# EXERCISE INSTRUCTIONS
Scan the records beneath this line for the line holding "Фотобумага матовая, 10х15" and the line holding "Outagamie, and Waushara.", then transcribe exactly those two and all lines between.

BEGIN SUPPLIED RECORDS

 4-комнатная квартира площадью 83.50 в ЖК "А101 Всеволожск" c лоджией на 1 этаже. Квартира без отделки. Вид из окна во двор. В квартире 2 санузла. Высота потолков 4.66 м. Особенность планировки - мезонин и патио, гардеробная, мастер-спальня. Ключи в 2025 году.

END SUPPLIED RECORDS
BEGIN SUPPLIED RECORDS

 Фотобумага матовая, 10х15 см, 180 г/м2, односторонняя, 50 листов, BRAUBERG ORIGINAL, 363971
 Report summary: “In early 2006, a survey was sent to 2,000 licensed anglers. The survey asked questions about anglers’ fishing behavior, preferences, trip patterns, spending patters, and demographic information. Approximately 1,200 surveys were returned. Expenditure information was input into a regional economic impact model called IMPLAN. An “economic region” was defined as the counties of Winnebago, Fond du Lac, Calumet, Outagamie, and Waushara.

END SUPPLIED RECORDS
BEGIN SUPPLIED RECORDS

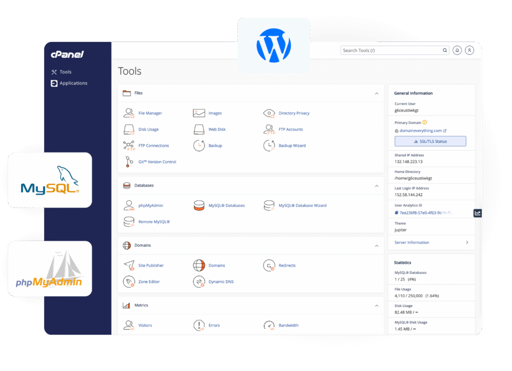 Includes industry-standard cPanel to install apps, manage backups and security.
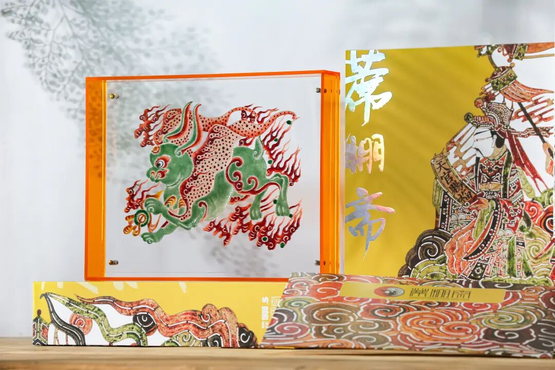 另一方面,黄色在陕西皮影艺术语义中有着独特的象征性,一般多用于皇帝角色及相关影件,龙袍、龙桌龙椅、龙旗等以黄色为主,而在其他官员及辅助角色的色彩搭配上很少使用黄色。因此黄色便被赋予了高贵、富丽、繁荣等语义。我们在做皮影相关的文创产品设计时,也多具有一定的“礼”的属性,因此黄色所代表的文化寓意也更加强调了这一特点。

END SUPPLIED RECORDS

# WRITTEN ANSWER
 Фотобумага матовая, 10х15 см, 180 г/м2, односторонняя, 50 листов, BRAUBERG ORIGINAL, 363971
 Report summary: “In early 2006, a survey was sent to 2,000 licensed anglers. The survey asked questions about anglers’ fishing behavior, preferences, trip patterns, spending patters, and demographic information. Approximately 1,200 surveys were returned. Expenditure information was input into a regional economic impact model called IMPLAN. An “economic region” was defined as the counties of Winnebago, Fond du Lac, Calumet, Outagamie, and Waushara.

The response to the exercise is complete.